Este Gobierno está convencido de que el lenguaje crea realidades. Yo tengo mis dudas. Creo que las designa y las define, sí. Pero la realidad es la que es y para modificarla, en caso de que sea necesario, para paliar injusticias o rectificar errores, para mejorarla, lo más práctico y efectivo es actuar sobre ella. Llámenme pragmática.
Lo que sí hace muy bien el lenguaje es maquillar la realidad a pocas ganas que se le ponga. Y eso lo ha entendido perfectamente Pedro Sánchez, que se ha convertido en un maestro del eufemismo.
Durante la pandemia, esta tendencia suya a renombrar hermoseando tenía cierta gracia.
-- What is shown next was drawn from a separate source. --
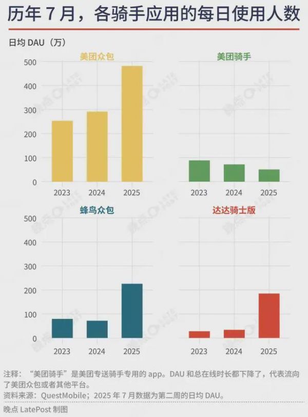 自 4 月底推出淘宝闪购联手饿了么迎战美团、京东以来,淘宝闪购新增的单量主要通过蜂鸟众包的骑手配送完成。根据 QuestMoblile 向我们提供的数据,7 月第二周,蜂鸟众包 App 的日活用户为 225.6 万人,是 4 月和去年同期的三倍多,蜂鸟专送骑手的日活也从 4 月的 23.7 万增长至 35.4 万。

Al fin y al cabo, no engañaba a nadie. A nadie que no quisiera ser engañado, claro, y podía uno hacer apuestas consigo mismo a cuenta de la creatividad enunciativa del presidente.
Así, cuando él decía, poniendo morritos y actitud lírica, que entraba en vigor una restricción de la movilidad nocturna, ya sabíamos todos que se trataba de un toque de queda como un día de fiesta.
Anunciaba una ligera desaceleración económica internacional, y nos preparábamos para una crisis gorda de las de toda la vida.
Y si anunciaba que se recurriría a líneas precautorias sin condicionalidad macroeconómica, rescate europeo que te crio.
Digo que la cosa podía tener gracia entonces porque la realidad seguía siendo la misma, aunque lo dijeran lindo, y todos lo sabíamos. A veces me recordaba a mi madre cuando llamaba «ojitos de rana» a los guisantes o «arbolitos» al brócoli en mi infancia, en un último y desesperado intento de que no sólo me comiese la verdura, sino que lo hiciese con entusiasmo y convencimiento. Podría resultar hasta tierno si no estuviésemos hablando del presidente del Gobierno tratando a la ciudadanía como párvulos.
Ahora se da un paso más allá en esta tendencia al trile de la retórica con los contratos fijos discontinuos. Con la entrada en vigor de la reforma laboral, que convierte en norma el contrato fijo, haciendo que su modalidad discontinua sea la alternativa perfecta a la temporalidad (ahora excepción) en la práctica.
Lo perverso de este nuevo término vaselina es que, casualmente, cuando se deje de trabajar bajo este tipo de contrato, no se contemplará al individuo que se vea en tal quite como desempleado, sino como «demandante de empleo no parado» (ahí tienen otro de sus eufemismos, de nada). Así que, estadísticamente, no pasará a engrosar el porcentaje de parados, porque no es parado aunque no trabaje y demande empleo.
¿Me siguen? A menos parados, menos paro. Y a menos paro, más empleo. Y a menos contratos temporales y más contratos fijos discontinuos, más contratos indefinidos y menos temporalidad. ¿Dónde está la bolita? Apueste, caballero.
No sé de qué nos sorprendemos a estas alturas, la verdad. Este Gobierno soluciona igual todos los problemas: redefiniendo.
Si todo es ultraderecha, él es la única alternativa moralmente legítima.
Si se puede pasar de curso con asignaturas suspendidas, no habrá repetidores y, por lo tanto, descenderá el fracaso escolar.
Si se considera violencia machista todo caso incoado, independientemente de que se demuestre finalmente como falso o como cierto, la violencia machista aumentará y se justificará todo despilfarro en un chiquipark ministerial.
Sánchez, el que llamaba «encuentro informal» con el presidente de los Estados Unidos a asaltar a Joe Biden en un pasillo como si fuese a venderle romero a las puertas de la Alhambra, está convencido de ser un tahúr de la dialéctica.
En realidad, no es más que un trilero de la retórica, un alicatador semántico. Y ya sabemos todos que la bolita está escondida entre sus dedos y que debajo de los lindos azulejos sigue estando la misma mierda.